Modern heir to the Hudson River tradition
DAVID COUGHTRY's painting,``North Elba'' has nothing to do with the island of Napoleon's exile, being rather a locality in the Adirondack Mountains of New York State. North Elba is now hardly more than a place-name, whatever it may have been in the years when it was first settled and thriving. It is near the heart and the greatest heights of this singular clump of mountains, part of no chain but sufficient unto itself - complete with an intricate system of lakes, ponds, springs, streams, rivers, valleys, plateaus, and foothills.
This painting takes place in a plateau meadow facing what we Adirondackers call the High Peaks. I use the phrase ``takes place'' deliberately, because landscapes in these mountains are dramatic ``happenings'' as often as they are ``views.'' The artist takes full advantage of the coming together of the activities in the scene. The mood is exciting but not threatening.
The heavy Adirondack clouds muffle those High Peaks, the chief of which is Mt. Marcy - the highest mountain in the state. The Indians knew it more poetically as Tahawus, the Cloud-Splitter. In all seasons, these clouds snuggle down in the valleys, throwing scarfs of mist over the summits rising up into the sky. In some years the vast water system of these mountains produces clouds and rain for the area alone, while surrounding parts remain dry and sunny.
The strong breeze blowing over the long grasses in the foreground indicates that these are lowering clouds that presage another rain shower. One feels that in a short while even the clearly defined formation in the center of the canvas, known as the Whale Tail, will become invisible to us as the storm rolls in.
The canvas is sizable, giving the viewer enough space to enter easily into the landscape. It is painted in very close color harmony with little contrast between the greens of the foreground and middle ground, a meadow that is also known locally as the Plains of Abraham, and the blue-lavender-gray mountains and sky.
While the effect is of a very simple color scheme, Coughtry uses a full range of pigments - red, yellow, blue, green and violet. ``I use every color except black,'' he says simply. These are skillfully blended into the entirely natural effect of his landscape.
Coughtry knows the Adirondacks intimately. He has hiked its forbiddingly wild trails since the age of 12. This painting is the outcome of six weeks spent sketching the region. Every day he went out to make numerous watercolors and gouaches. Out of these come large oil paintings such as this one.
This method is, one might say, fairly standard to landscape painters as a whole wherever they are found.
Coughtry says of his work, ``I paint until the vision crystallizes.'' This is certainly different from the early Hudson River painters, who many times composed their paintings according to academic formulas.
The Hudson River artists spooned in natural, previously drawn-from-life elements with certain ideographic or symbolic meanings intended to uplift the viewer with a transcendent sense of the sublime in nature.

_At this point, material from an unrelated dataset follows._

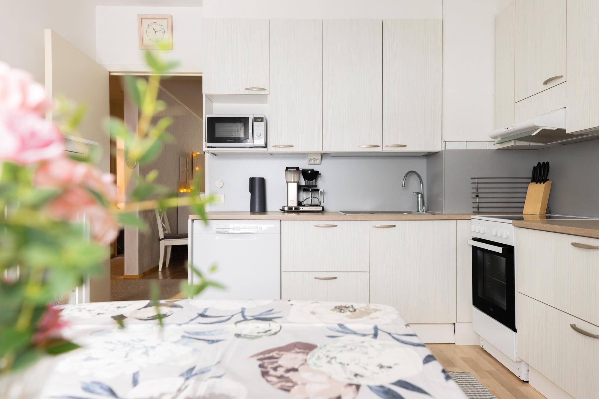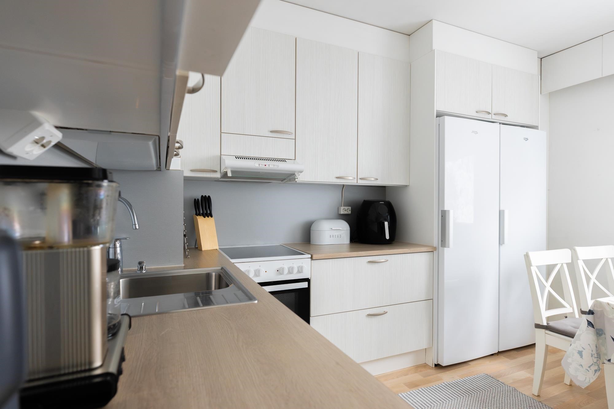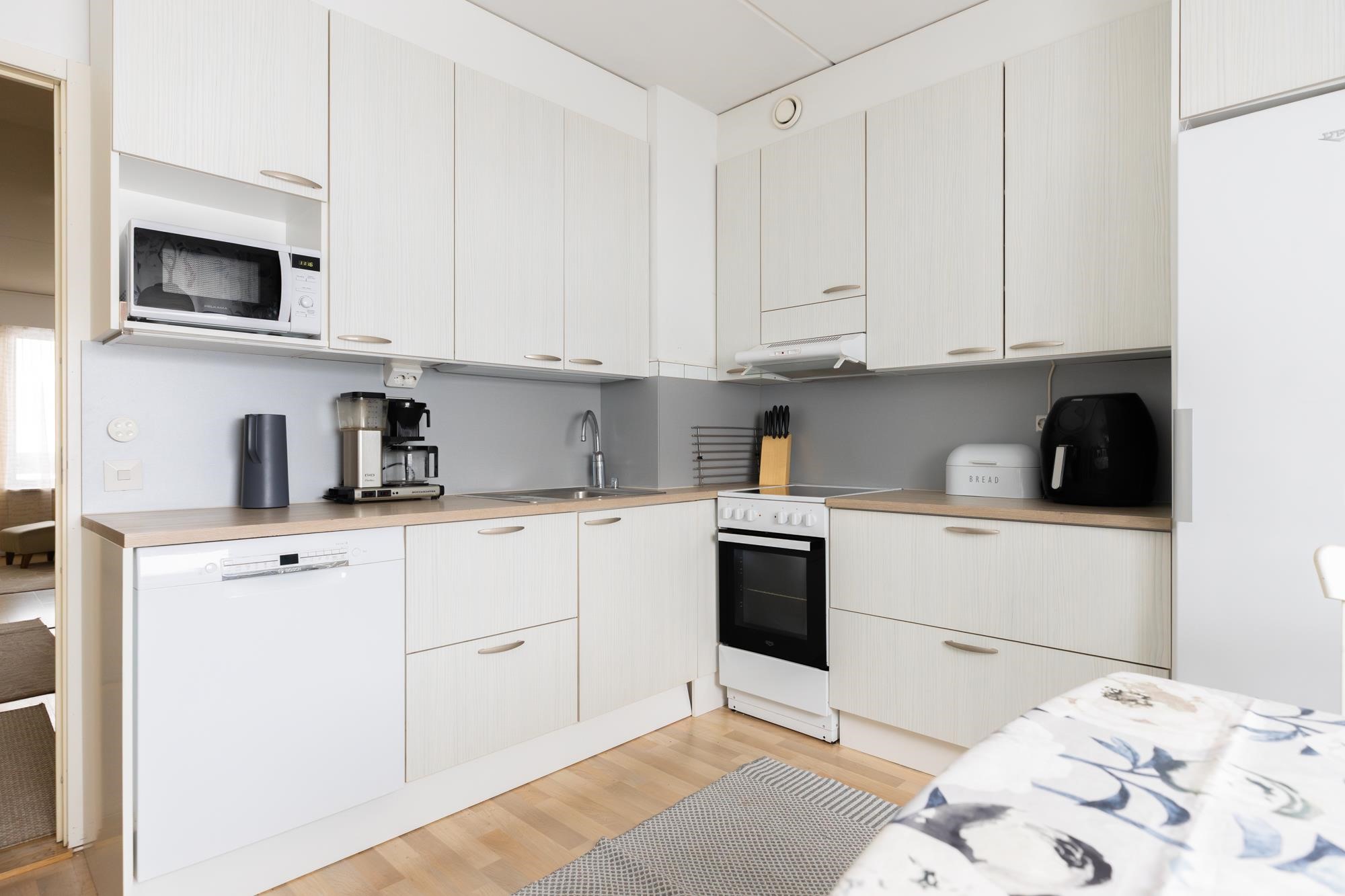 - Jääkaappi, pakastekaappi, keraaminen liesi, liesituuletin, mikroaaltouuni, astianpesukone, kaapistot, kiinteät valaisimet.

Their rendering was tight and detailed.
Coughtry's painting gives a sense of optical freedom such as we might experience standing knee-deep in those breeze-blown grasses.
His impulses in ``North Elba'' are juxtapositions of ``isolation and barrenness'' against ``beauty and purity.'' The painting tells us there are still wild places preserved for those who have the need for the primal loveliness and force of unspoiled nature.
For me, the painting breathes a prayer that such scenes will so remain for other landscape painters a century hence. These artists will be able to look back to our present-day painters as well as to the Hudson River School. They will have two centuries of American landscape painting behind them, appreciating the David Coughtrys of this century as he values the Hudson River School, continually adding to a great tradition of American art.